QLoRA quantizes a pre-trained language model to 4 bits and freezes the parameters. A small number of trainable Low-Rank Adapter layers are then added to the model.

During fine-tuning, gradients are backpropagated through the frozen 4-bit quantized model into only the Low-Rank Adapter layers. So, the entire pretrained model remains fixed at 4 bits while only the adapters are updated. Also, the 4-bit quantization does not hurt model performance.

In [None]:
compute_dtype = getattr(torch, "float16")

quant_config = BitsAndBytesConfig(
    load_in_4bit=True,
    bnb_4bit_quant_type="nf4",
    bnb_4bit_compute_dtype=compute_dtype,
    bnb_4bit_use_double_quant=True,
)

## Loading Llama 2 model

In [None]:
gpu_id = "cuda:0"
device = torch.device(gpu_id)
model = AutoModelForCausalLM.from_pretrained(
    base_model,
    quantization_config=quant_config,
    device_map= 'auto' # device
)
model.config.use_cache = False
model.config.pretraining_tp = 1

## Loading tokenizer

In [None]:
tokenizer = AutoTokenizer.from_pretrained(base_model, trust_remote_code=True)
tokenizer.pad_token = tokenizer.eos_token
tokenizer.padding_side = "right"

## PEFT parameters

Traditional fine-tuning of pre-trained language models (PLMs) requires updating all of the model's parameters, which is computationally expensive and requires massive amounts of data.



Parameter-Efficient Fine-Tuning (PEFT) works by only updating a small subset of the model's parameters, making it much more efficient. Learn about parameters by reading the PEFT official documentation.

In [None]:
#If targeting all linear layers
target_modules = ['q_proj','k_proj','v_proj']
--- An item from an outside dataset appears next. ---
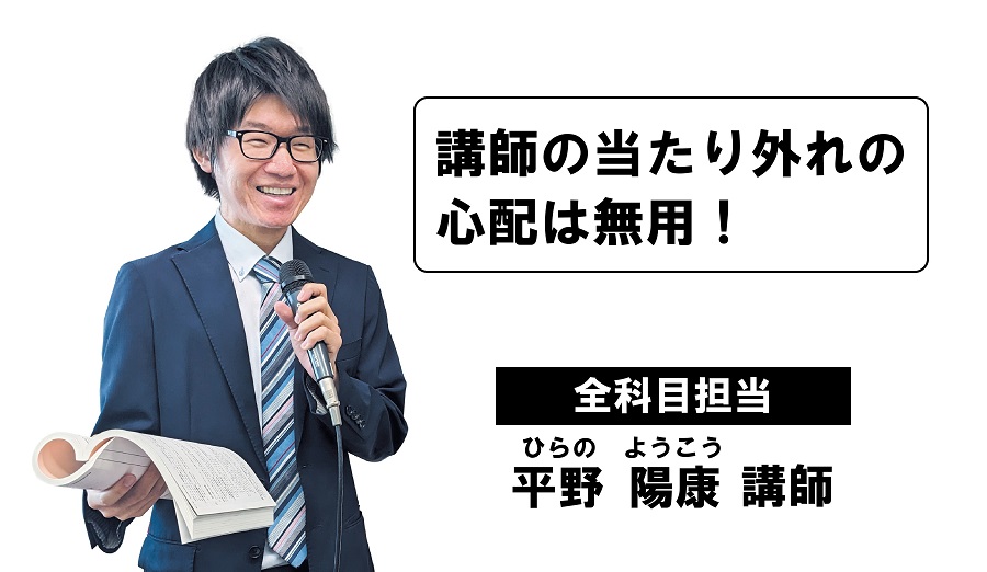 一次対策も二次対策も、講義については最初から最後まで看板講師の平野が担当します。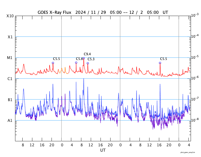 GOES衛星の太陽X線強度。赤・橙 = 0.1〜0.8 nm、青・紫 = 0.05〜0.4 nm (c) データ:NOAA/SWPC、作図:宇宙天気ニュース ![]() | ||||||||||||||||||||||||||||||||||||||||||||||||||||||||||||||||||||||||||||||||||||||||||||||||||||||||||||||||||||||||||||||||||||||||||||||||||||||||||||||||||||||||||||||||||||||||||||||||||||||||||||||||||||||||||||||||||||||||||||||||||||||||||||||||||||||||||||||||

# Recent work as shown in the QLoRA paper by Dettmers et al. suggests that targeting all linear layers results in better adaptation quality.
# 'o_proj','gate_proj','down_proj','up_proj' ,'lm_head'
peft_params = LoraConfig(
    lora_alpha=256,
    lora_dropout=0.1,
    target_modules = target_modules,
    r=256,
    bias="none",
    task_type="CAUSAL_LM",
)

## Training parameters
Below is a list of hyperparameters that can be used to optimize the training process:

* output_dir: The output directory is where the model predictions and checkpoints will be stored.
* num_train_epochs: One training epoch.
* fp16/bf16: Disable fp16/bf16 training.
* per_device_train_batch_size: Batch size per GPU for training.
* per_device_eval_batch_size: Batch size per GPU for evaluation.
* gradient_accumulation_steps: This refers to the number of steps required to accumulate the gradients during the update process.
* gradient_checkpointing: Enabling gradient checkpointing.
* max_grad_norm: Gradient clipping.
* learning_rate: Initial learning rate.
* weight_decay: Weight decay is applied to all layers except bias/LayerNorm weights.
* Optim: Model optimizer (AdamW optimizer).
* lr_scheduler_type: Learning rate schedule.
* max_steps: Number of training steps.
* warmup_ratio: Ratio of steps for a linear warmup.
* group_by_length: This can significantly improve performance and accelerate the training process.
* save_steps: Save checkpoint every 25 update steps.
* logging_steps: Log every 25 update steps.

In [None]:
training_params = TrainingArguments(
    output_dir="./Trained_models",
    num_train_epochs=1,
    per_device_train_batch_size=5,
    auto_find_batch_size=False,
    gradient_accumulation_steps=1,
    optim="paged_adamw_32bit",
    logging_steps=5,
    save_steps=54486,
    learning_rate=3e-4,
    weight_decay=0.001,
    fp16=False,
    bf16=True,
    max_grad_norm=0.3,
    max_steps=-1,
    warmup_ratio=0.03,
    group_by_length=True,
    lr_scheduler_type="constant",
    report_to="tensorboard"
)

## Model fine-tuning

Supervised fine-tuning (SFT) is a key step in reinforcement learning from human feedback (RLHF). The TRL library from HuggingFace provides an easy-to-use API to create SFT models and train them on your dataset with just a few lines of code. It comes with tools to train language models using reinforcement learning, starting with supervised fine-tuning, then reward modeling, and finally proximal policy optimization (PPO).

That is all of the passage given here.